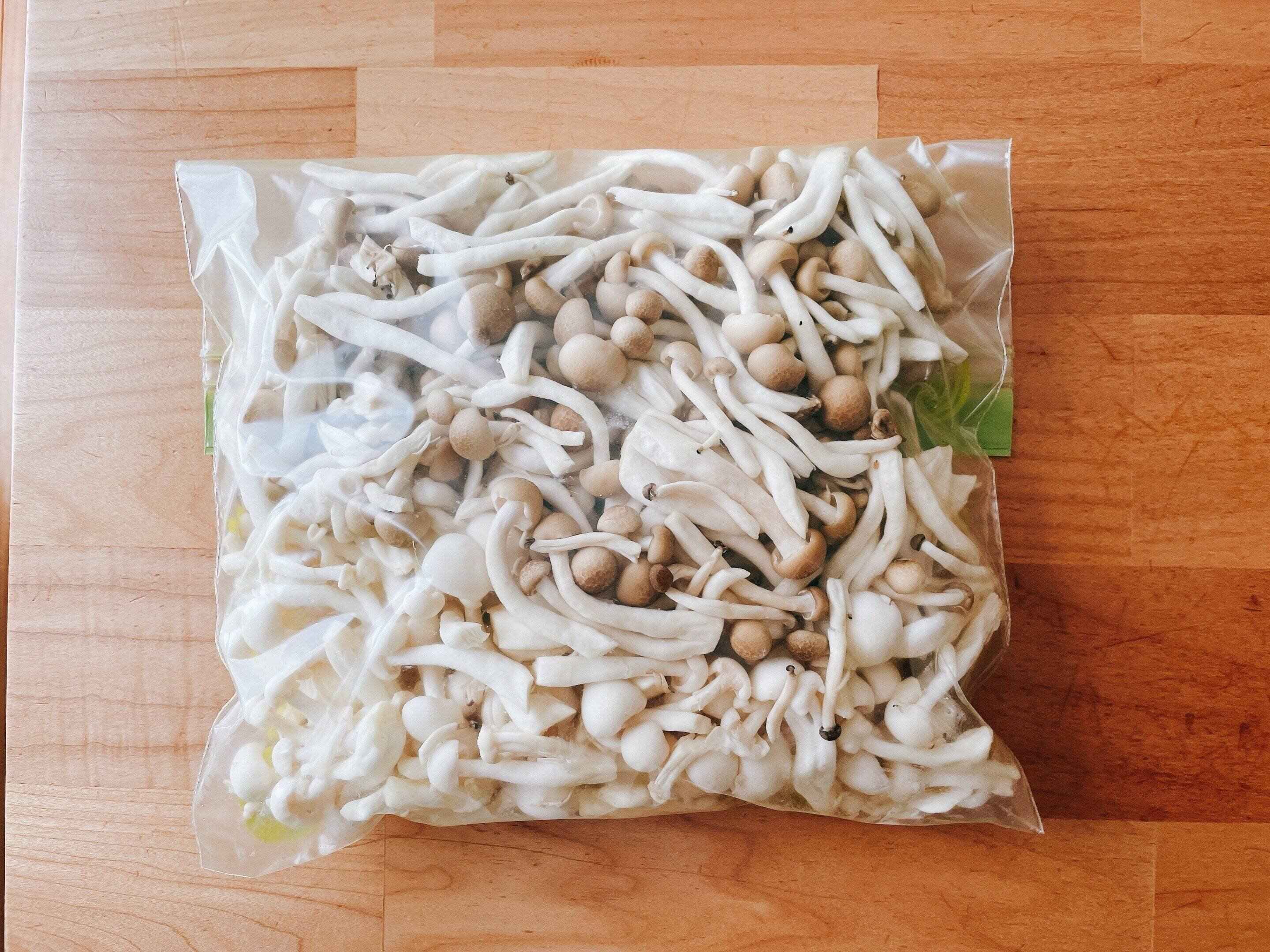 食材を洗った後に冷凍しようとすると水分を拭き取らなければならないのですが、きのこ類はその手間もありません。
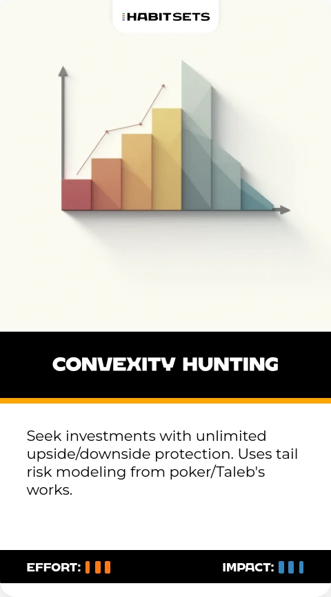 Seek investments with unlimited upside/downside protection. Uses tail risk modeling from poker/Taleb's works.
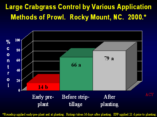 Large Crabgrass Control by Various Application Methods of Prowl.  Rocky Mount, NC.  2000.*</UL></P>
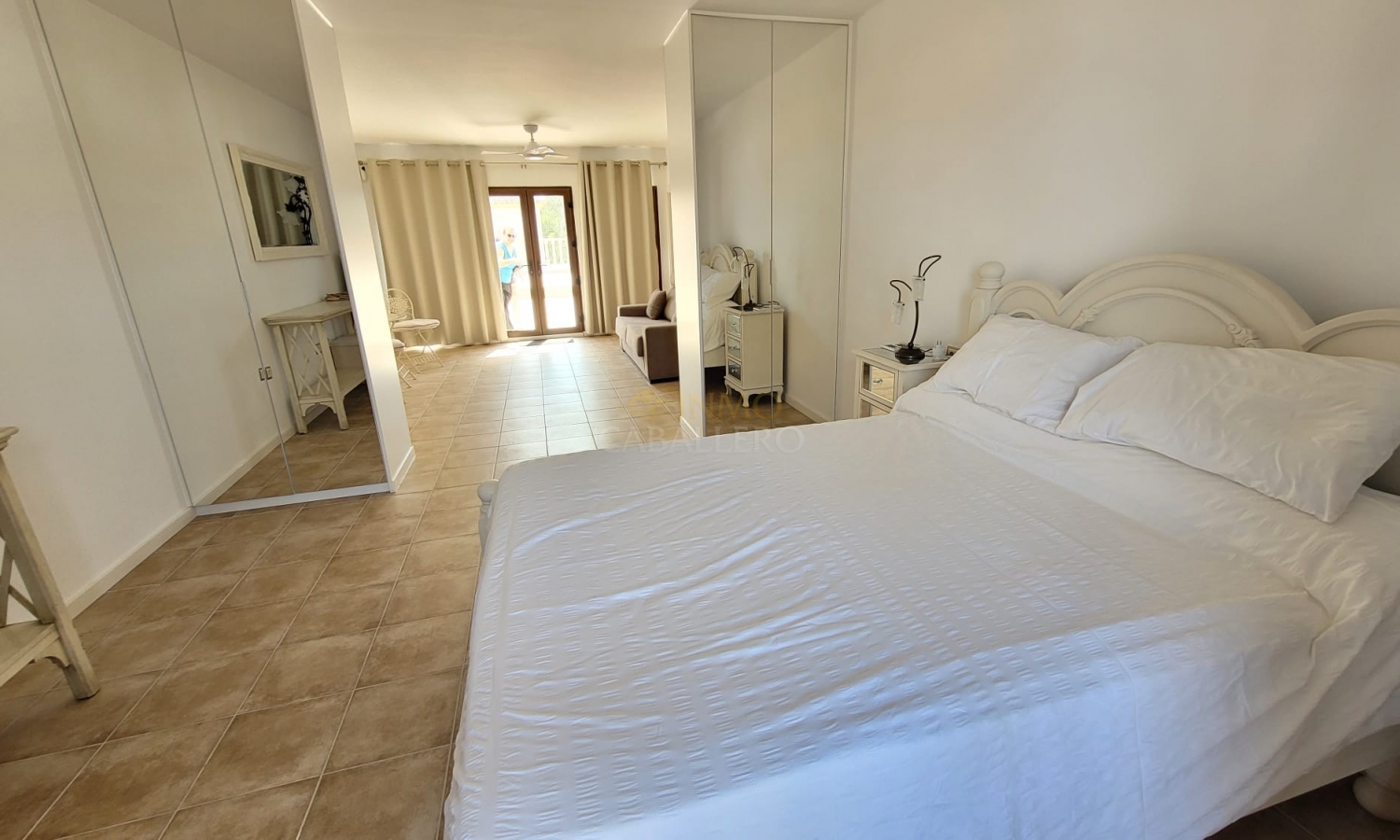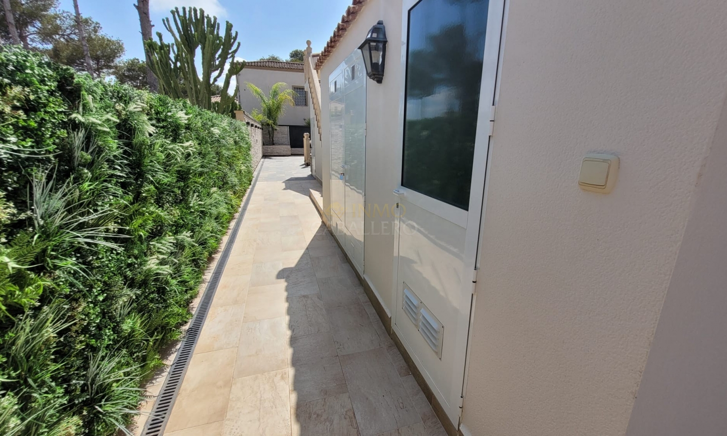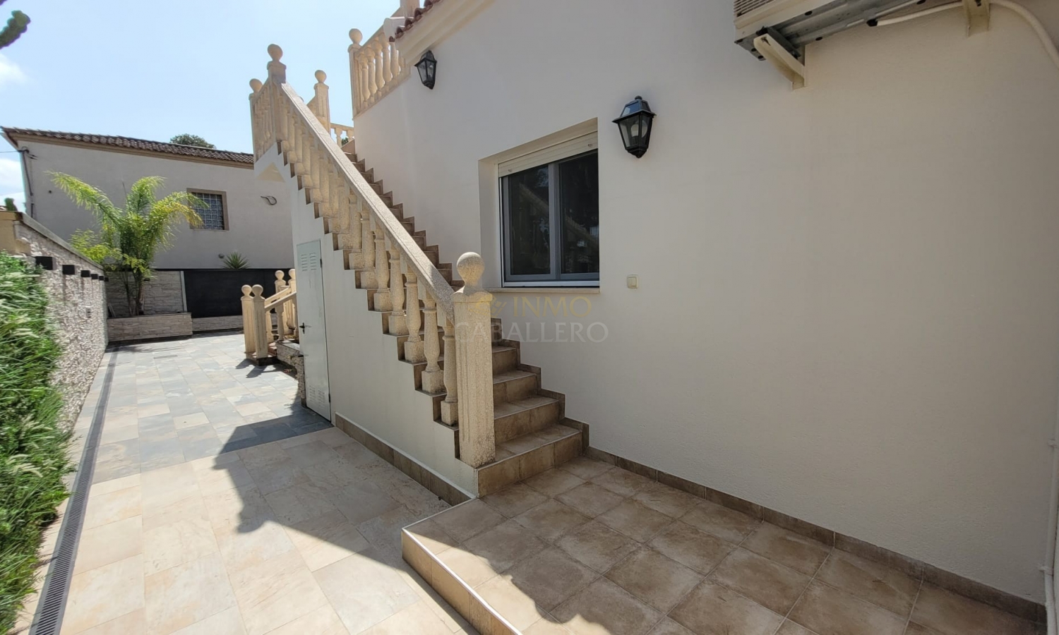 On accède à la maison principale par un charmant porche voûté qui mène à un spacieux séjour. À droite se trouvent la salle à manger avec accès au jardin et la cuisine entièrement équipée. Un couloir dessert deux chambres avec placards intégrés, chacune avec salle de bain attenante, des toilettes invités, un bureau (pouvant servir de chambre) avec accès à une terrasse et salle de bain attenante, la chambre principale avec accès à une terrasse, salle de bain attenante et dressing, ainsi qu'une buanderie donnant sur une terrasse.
-*-*-
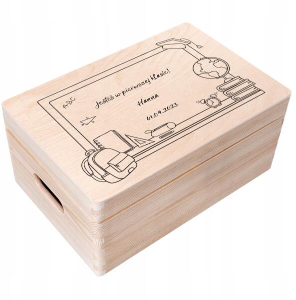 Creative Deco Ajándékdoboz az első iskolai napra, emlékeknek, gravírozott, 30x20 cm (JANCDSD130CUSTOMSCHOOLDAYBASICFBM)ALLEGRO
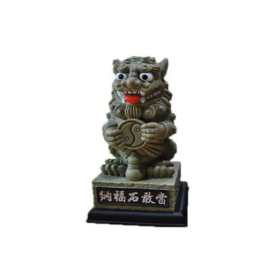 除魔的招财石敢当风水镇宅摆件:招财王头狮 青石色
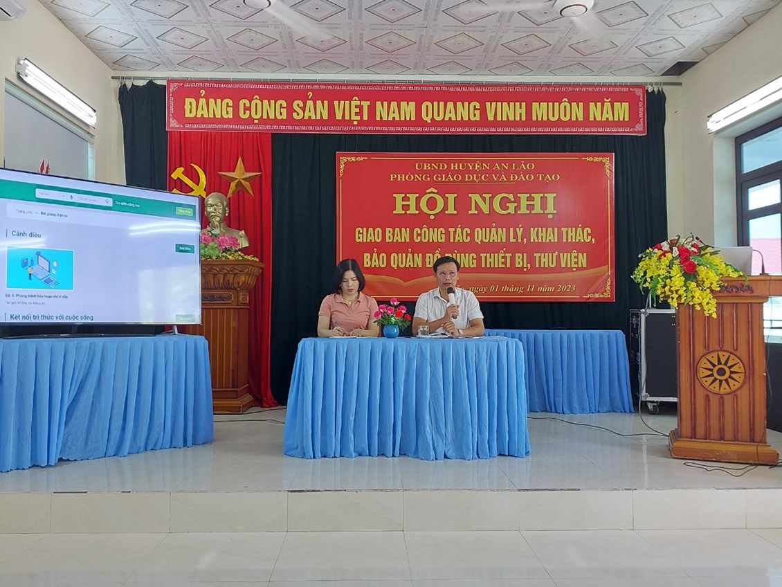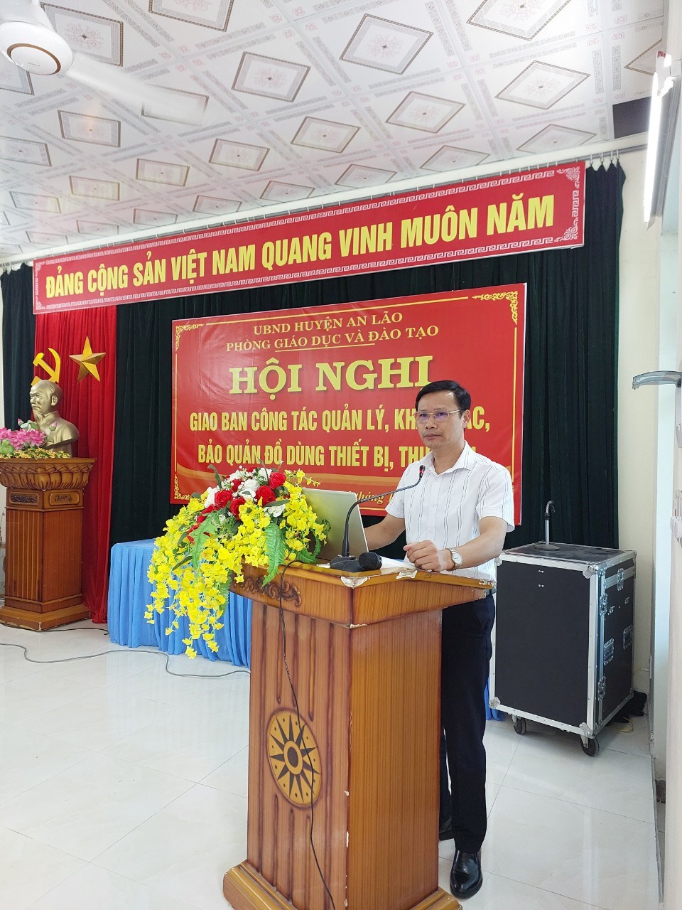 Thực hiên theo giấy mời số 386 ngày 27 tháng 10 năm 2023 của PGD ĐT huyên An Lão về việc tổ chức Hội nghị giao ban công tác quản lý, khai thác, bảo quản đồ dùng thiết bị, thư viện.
-*-*-
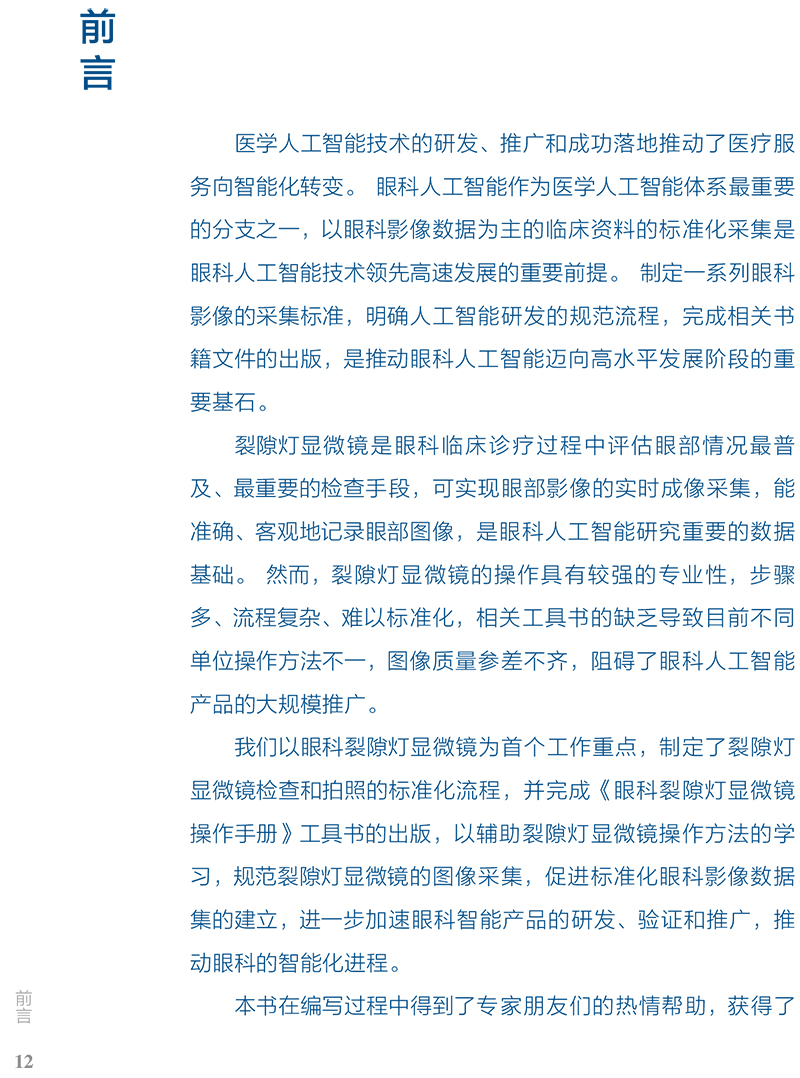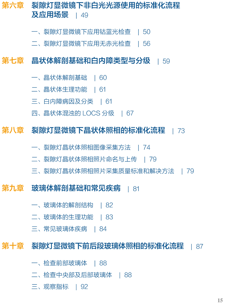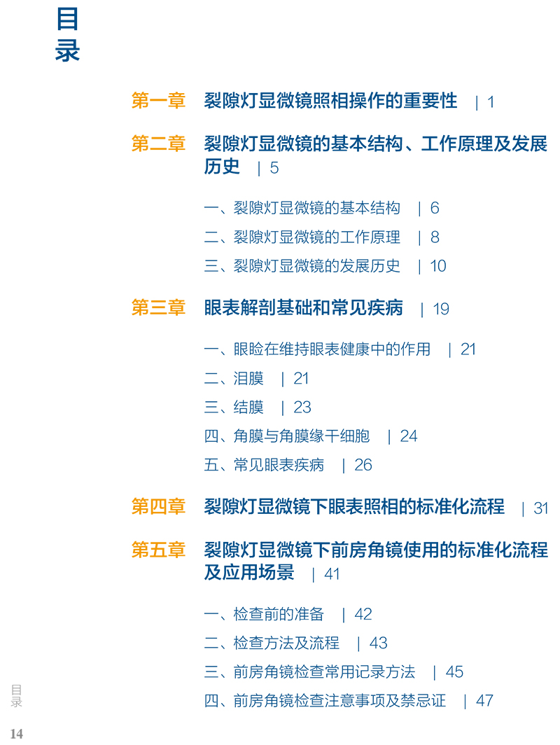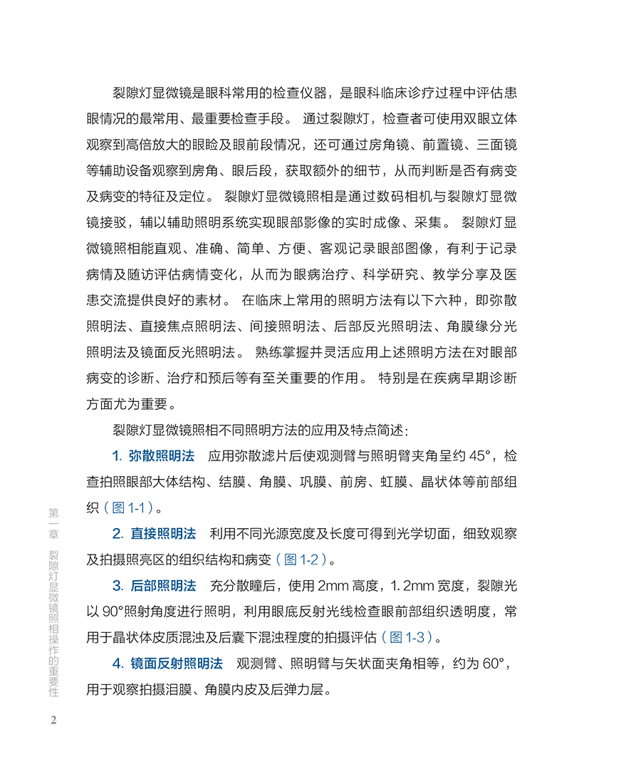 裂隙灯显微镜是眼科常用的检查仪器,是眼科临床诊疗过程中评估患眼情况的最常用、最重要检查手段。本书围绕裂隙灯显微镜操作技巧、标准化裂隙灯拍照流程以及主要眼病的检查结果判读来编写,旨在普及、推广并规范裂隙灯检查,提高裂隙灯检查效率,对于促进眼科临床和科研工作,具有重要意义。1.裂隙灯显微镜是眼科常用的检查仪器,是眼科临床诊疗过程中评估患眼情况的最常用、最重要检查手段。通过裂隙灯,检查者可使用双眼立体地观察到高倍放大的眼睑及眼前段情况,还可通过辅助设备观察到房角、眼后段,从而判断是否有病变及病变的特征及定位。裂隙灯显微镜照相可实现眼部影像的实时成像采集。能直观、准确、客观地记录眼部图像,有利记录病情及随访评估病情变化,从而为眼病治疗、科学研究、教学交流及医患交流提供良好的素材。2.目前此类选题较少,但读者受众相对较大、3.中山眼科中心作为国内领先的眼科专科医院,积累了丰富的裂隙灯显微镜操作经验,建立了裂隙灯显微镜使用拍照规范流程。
-*-*-
In the listing above, find the line with "食材を洗った後に冷凍しようと" and the line with "Large Crabgrass Control". Copy exactly those lines and all between them, minus the images.

 食材を洗った後に冷凍しようとすると水分を拭き取らなければならないのですが、きのこ類はその手間もありません。
 Seek investments with unlimited upside/downside protection. Uses tail risk modeling from poker/Taleb's works.
 Large Crabgrass Control by Various Application Methods of Prowl.  Rocky Mount, NC.  2000.*</UL></P>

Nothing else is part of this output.